Or not—people might be taking it along to illegal, unlicensed or backstreet abattoirs. They might be cutting the animals’ throats in a back shed somewhere. That is the problem. We have the issue of not being able to trace from farm to fork, but also that of animal welfare and animals being slaughtered inhumanely.

Another rural crime that I want to touch on is fly-grazing. That is the unauthorised grazing of land by horses and ponies, whether or not the owner of the horses is in breach of a previous agreement or has simply placed the horses on the land without discussion with the owner or tenant of the land. Fly-grazing is becoming an increasing problem, with several thousand horses being grazed on land without permission. I understand that the problem has become worse in the past three years, particularly since the introduction of horse passports and microchipping, which were intended to increase the traceability of horses—particularly those likely to enter the food chain.

The NFU is calling for the following action, with which I have some sympathy.
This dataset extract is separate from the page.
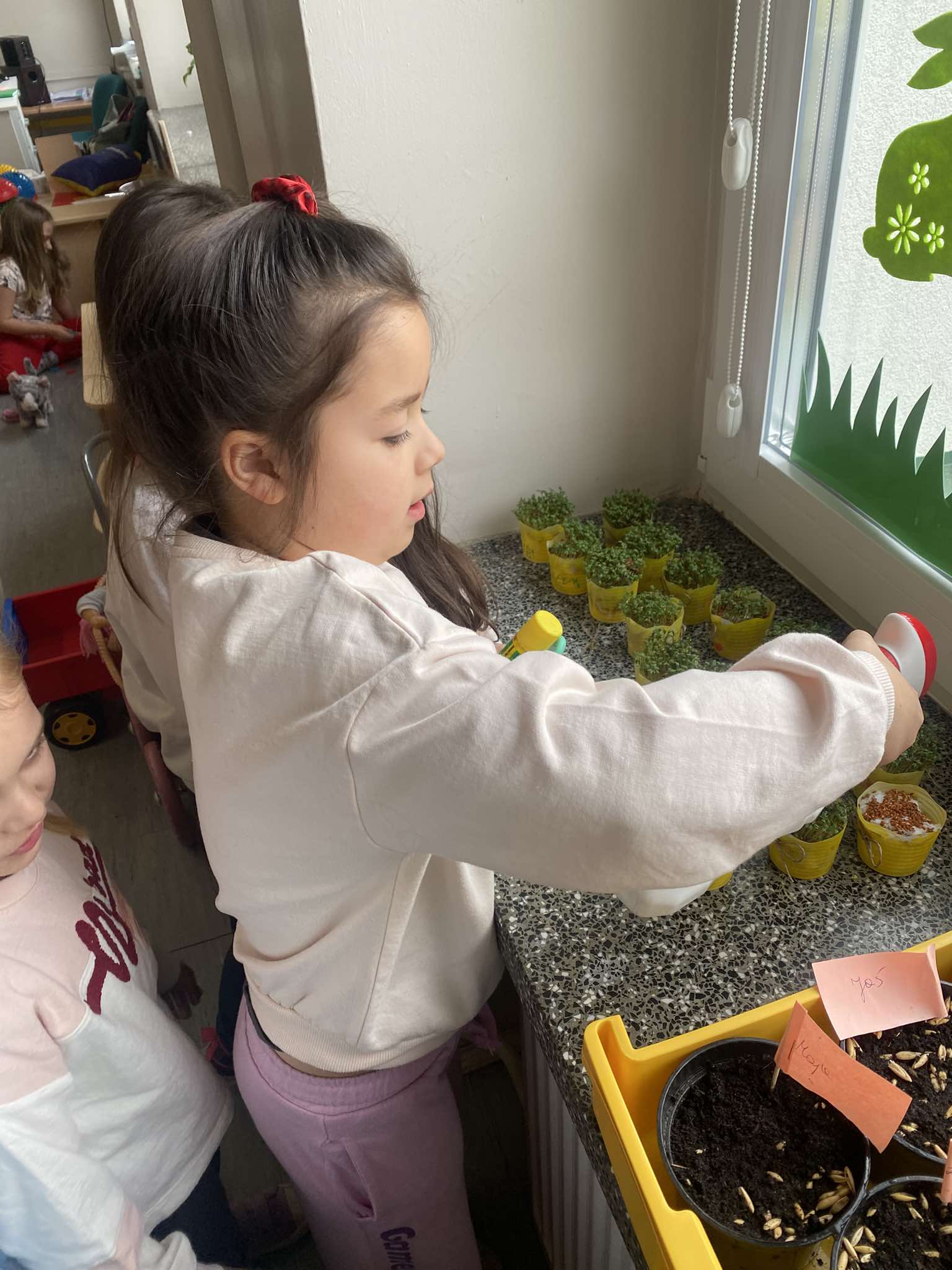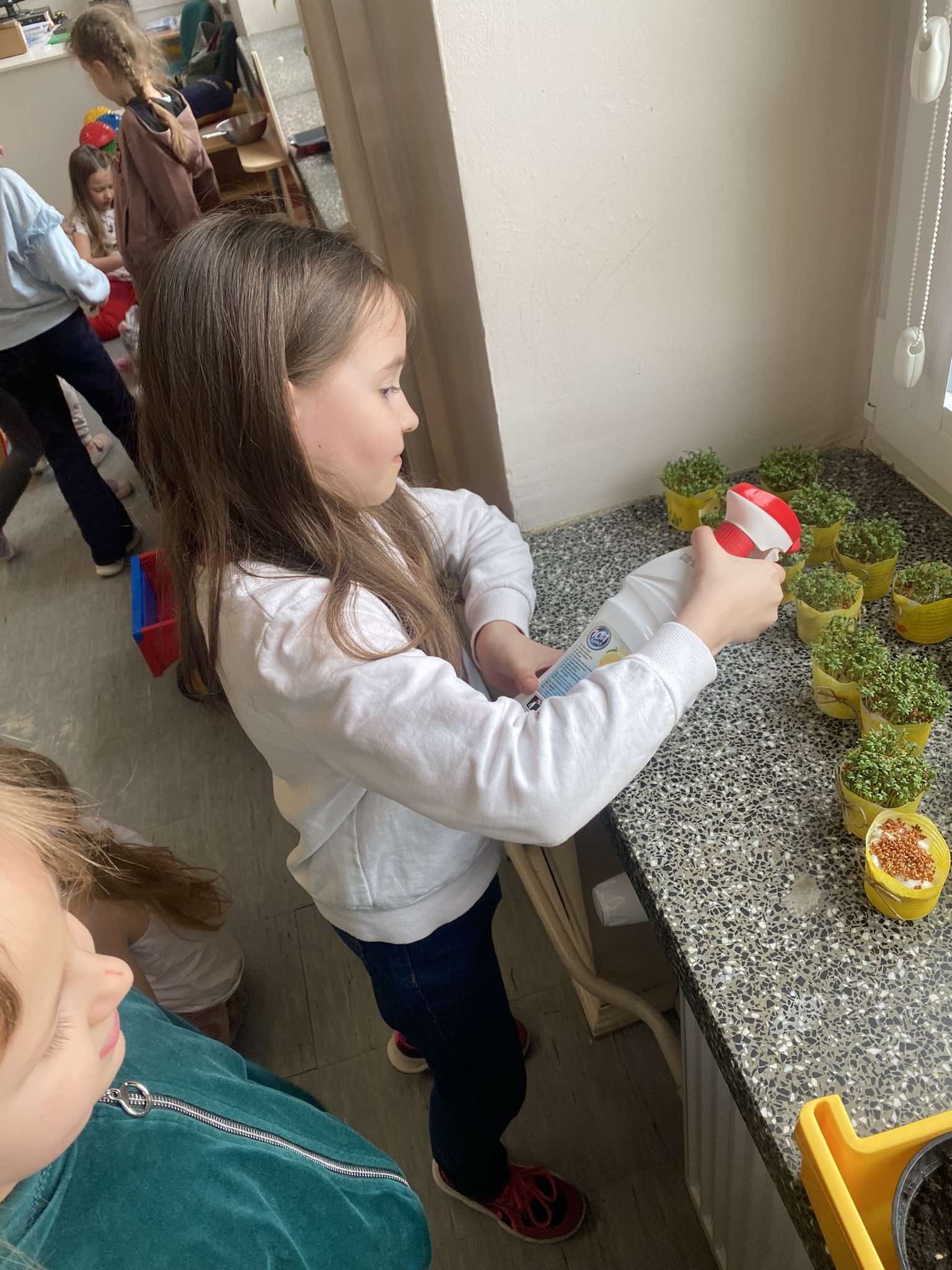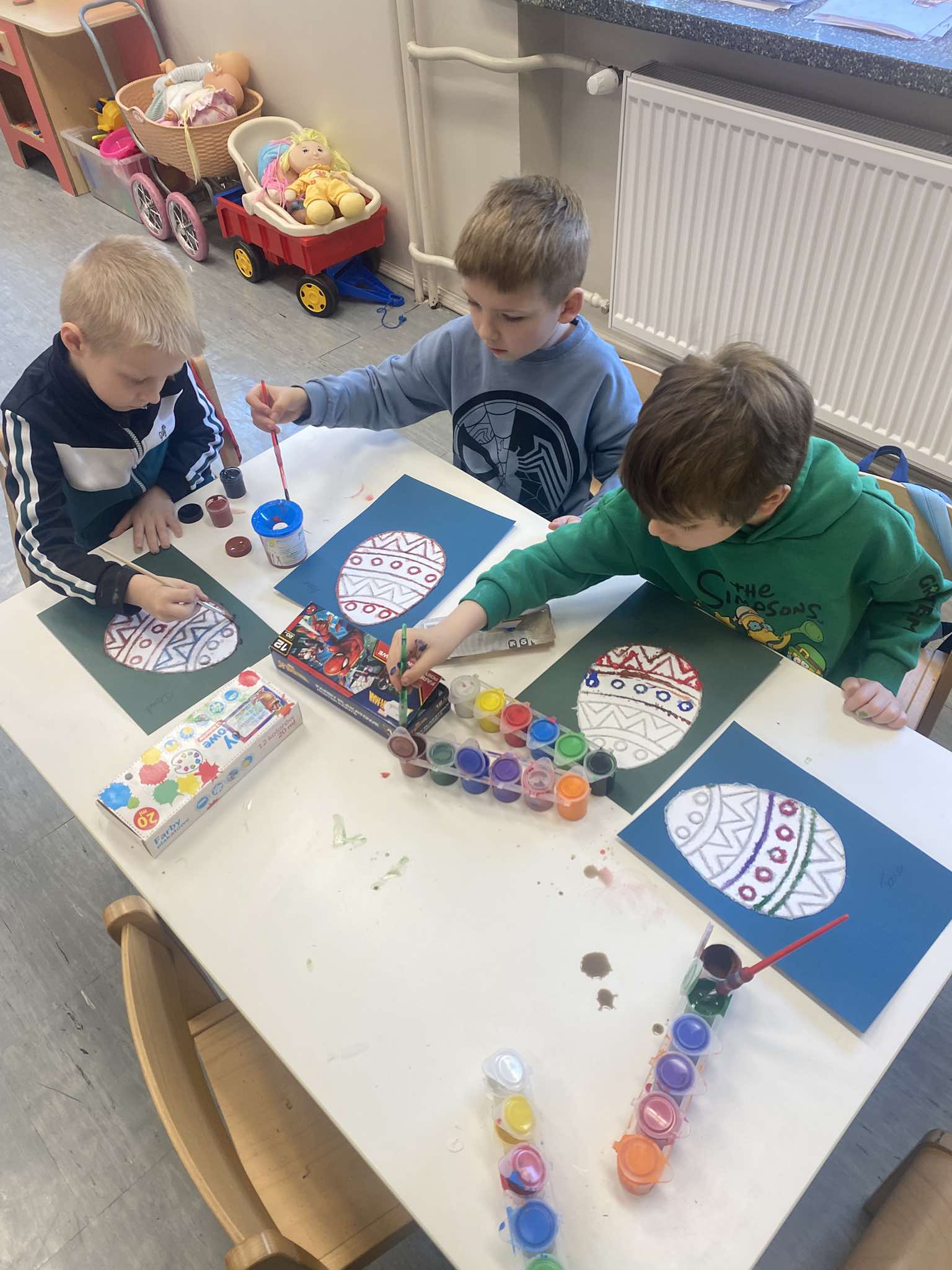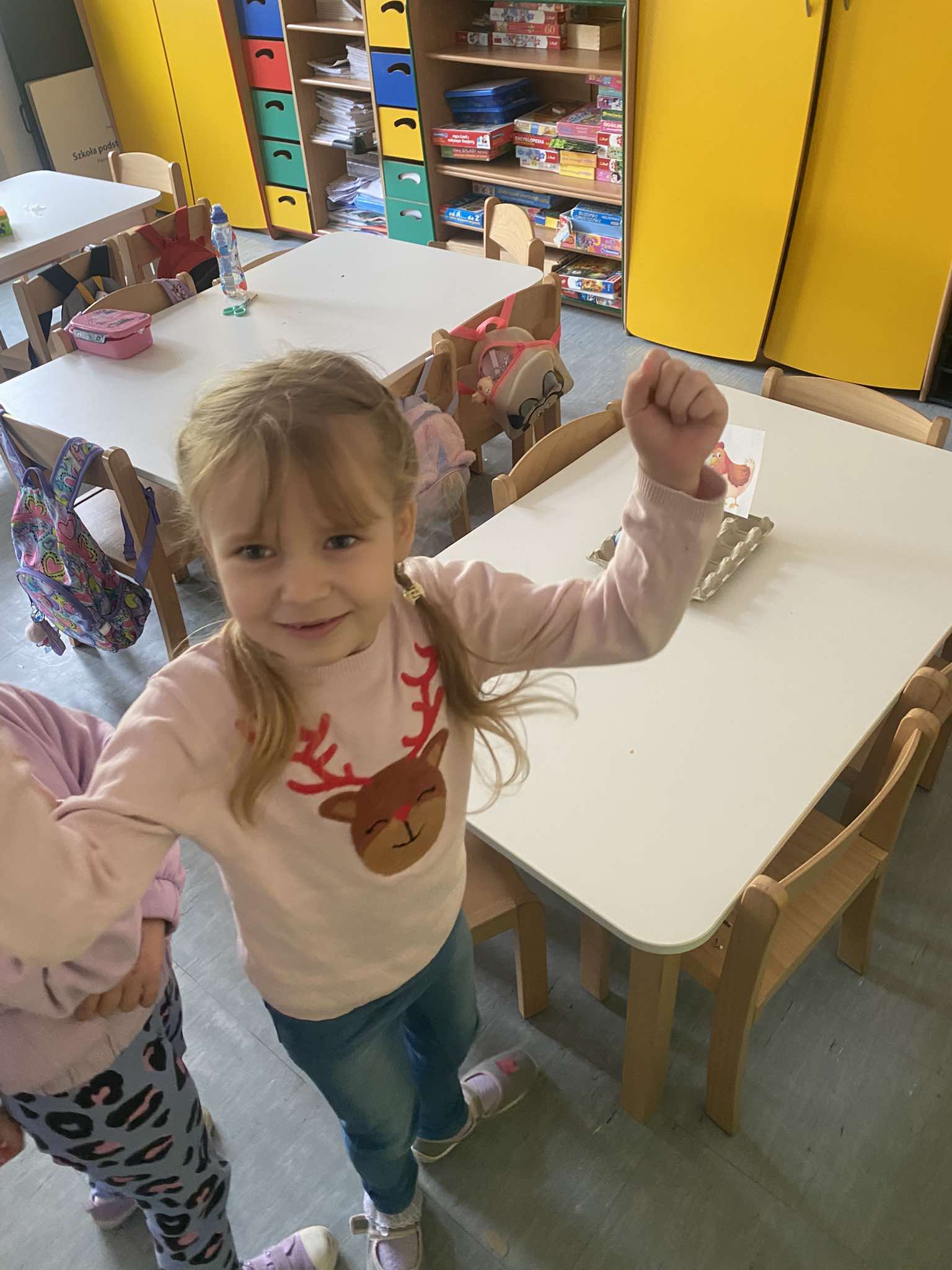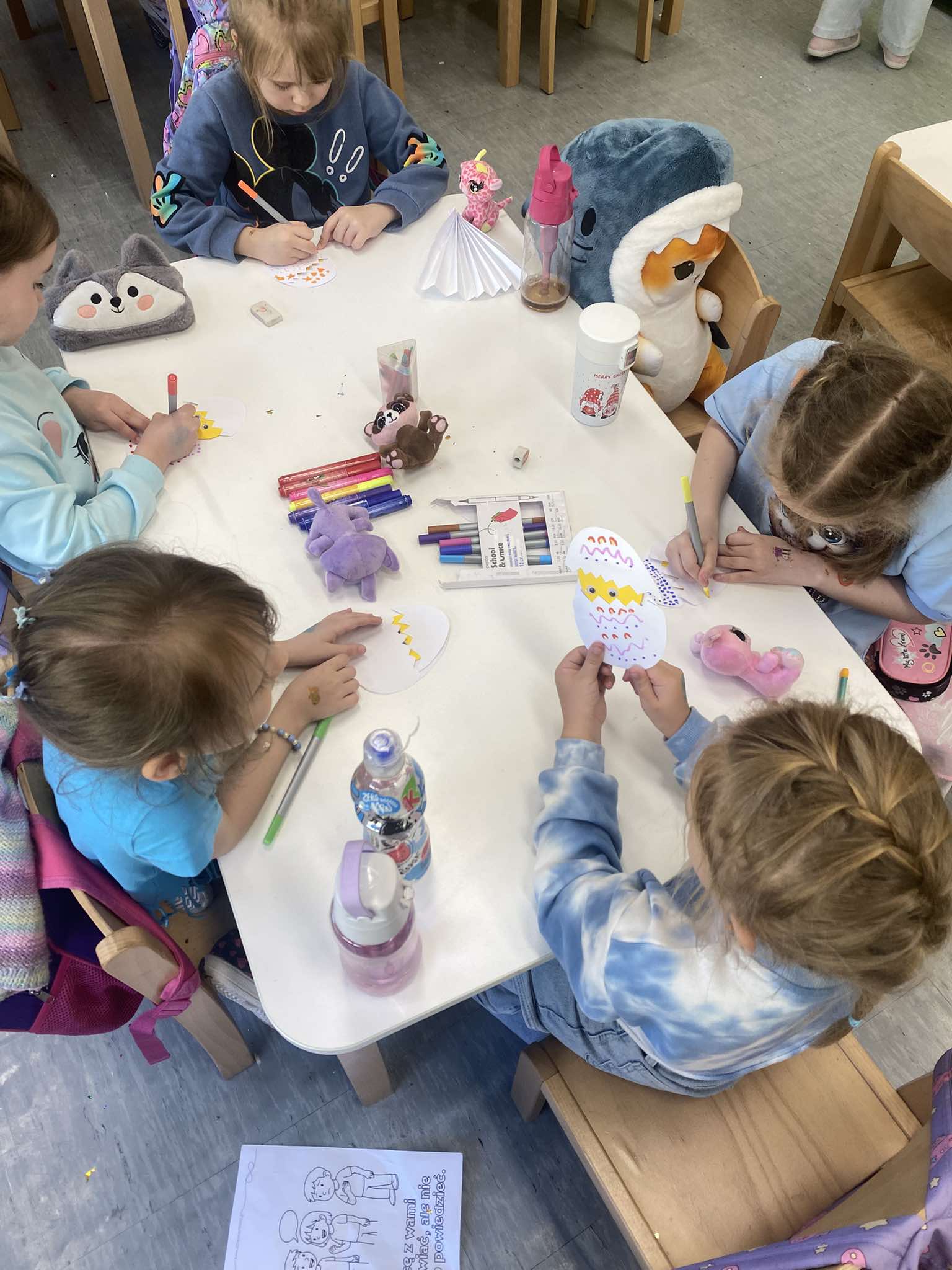 Z okazji zbliżających się Świąt Wielkanocnych w naszej zerówce zapanowała wyjątkowa, świąteczna atmosfera. Dzieci z radością tworzyły prace plastyczne: kolorowe pisanki oraz kurczaczki wykluwające się z jajek. Każda praca była wyjątkowa i odzwierciedlała dziecięcą wyobraźnię oraz wiosenny nastrój. Wspólnie założyliśmy także nasz mały ogródek, dzieci siały rzeżuchę, a następnie z dużym zaangażowaniem codziennie ją podlewały i obserwowały, jak rośnie. To była świetna lekcja cierpliwości i odpowiedzialności. Nie zabrakło również zabaw i aktywności ruchowych, zorganizowaliśmy wesołą konkurencję: która kura zbierze więcej jajek, co dostarczyło dzieciom mnóstwo śmiechu i pozytywnych emocji. W ramach nauki przez zabawę układaliśmy wyrazy z liter związanych ze zwyczajami wielkanocnymi, rozwijając przy tym umiejętności językowe i logiczne myślenie. Nie zapomnieliśmy również o tradycji wielkanocnego śmigusa-dyngusa, oczywiście w kontrolowanej, bezpiecznej wersji! Było trochę lania wodą, dużo śmiechu i jeszcze więcej radości. Na zakończenie wspólnymi siłami stworzyliśmy ogromną, kolorową pisankę, która stała się piękną dekoracją naszej sali i symbolem wspólnie spędzonego czasu. To były wyjątkowe chwile, pełne kreatywności, tradycji i dobrej zabawy!
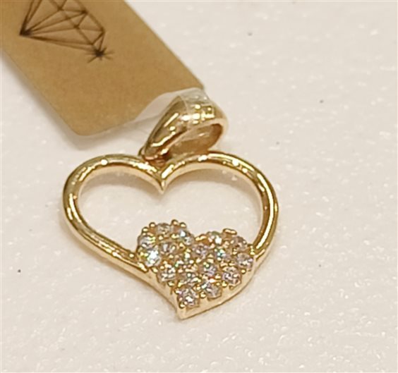BELLISSIMO PENDENTE IN ORO GIALLO A FORMA DI DOPPIO CUORE APERTO CON PICCOLO CUORE SUL FONDO CON ZIRCONI INCASSATI A GRIFFE.

It wants fly-grazing to be made a criminal offence, so that action can be taken to bring offenders to justice swiftly. It wants the Horse Passports Regulations 2009 to be amended, so that they form a streamlined set of rules, meeting the minimum requirements of the relevant EC directive, thereby helping to improve traceability. It wants the Animals Act 1971 to be amended to bring it into line with the best of the private Acts of Parliament that enable local authorities to act when horses are left on private land; it wants it to be clear that the 1971 Act covers animals deliberately placed on land by their owners.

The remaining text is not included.